MATERIAL PROVIDED:
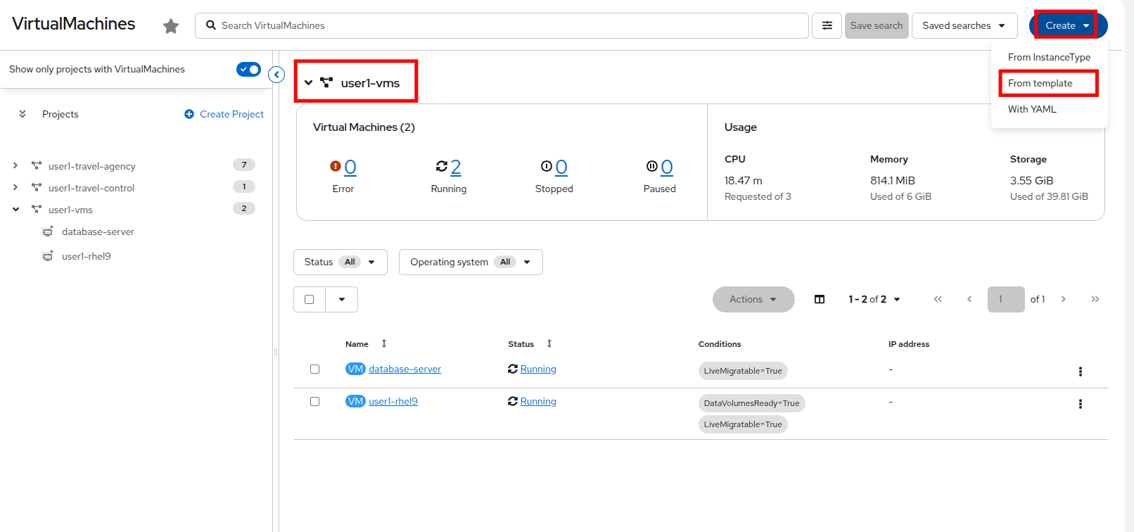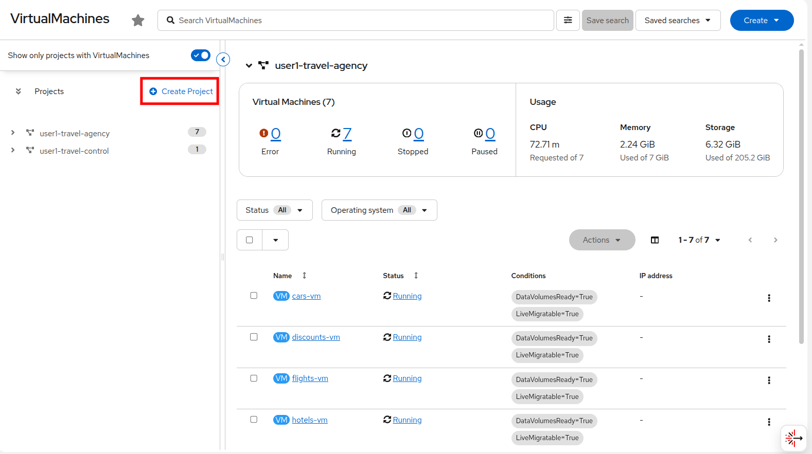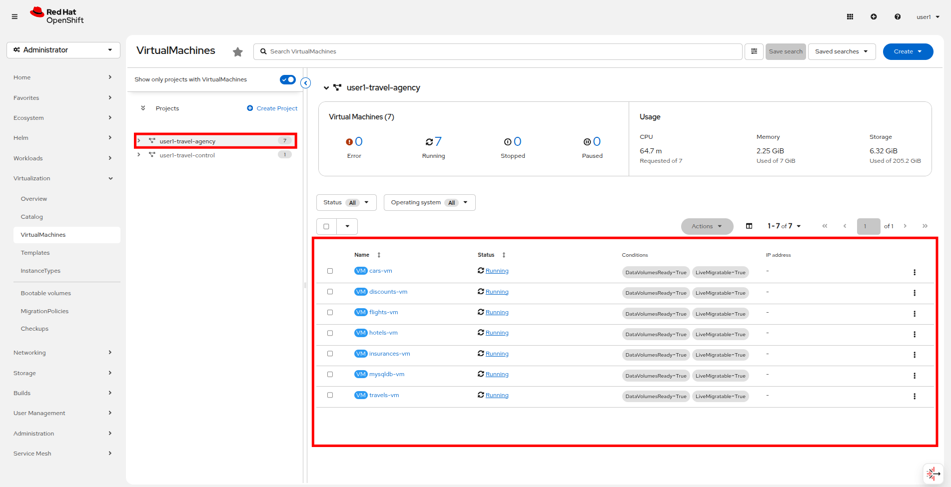 Click on the userX-travel-agency namespace in the center column to see that there are already a number of virtual machines running in the cluster.
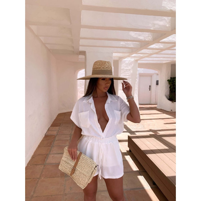 V-AUSSCHNITT-DESIGN – Stilvoll und bequem : Dieses zweiteilige Loungewear-Set verfügt über einen tiefen V-Ausschnitt mit einer Knopfreihe und eine entspannte Silhouette, die jeder Figur schmeichelt. Zwei Brusttaschen vorne sorgen für einen funktionalen und modischen Touch. Die atmungsaktiven kurzen Ärmel und die weichen Linien schaffen ein stilvolles und dennoch lässiges Alltagsoutfit, das sich zum Entspannen oder Ausgehen eignet.
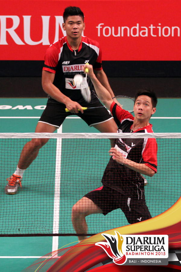 Kevin Sanjaya/Praven Jordan (Djarum Kudus) menyambar pengembalian dari Flandy Limpele/Yuta Yamasaki (Hitachi Jepang).

PROBLEM TO SOLVE: Leaving out the images, repeat the listing above exactly.

SOLUTION BELOW:
 Click on the userX-travel-agency namespace in the center column to see that there are already a number of virtual machines running in the cluster.
 V-AUSSCHNITT-DESIGN – Stilvoll und bequem : Dieses zweiteilige Loungewear-Set verfügt über einen tiefen V-Ausschnitt mit einer Knopfreihe und eine entspannte Silhouette, die jeder Figur schmeichelt. Zwei Brusttaschen vorne sorgen für einen funktionalen und modischen Touch. Die atmungsaktiven kurzen Ärmel und die weichen Linien schaffen ein stilvolles und dennoch lässiges Alltagsoutfit, das sich zum Entspannen oder Ausgehen eignet.
 Kevin Sanjaya/Praven Jordan (Djarum Kudus) menyambar pengembalian dari Flandy Limpele/Yuta Yamasaki (Hitachi Jepang).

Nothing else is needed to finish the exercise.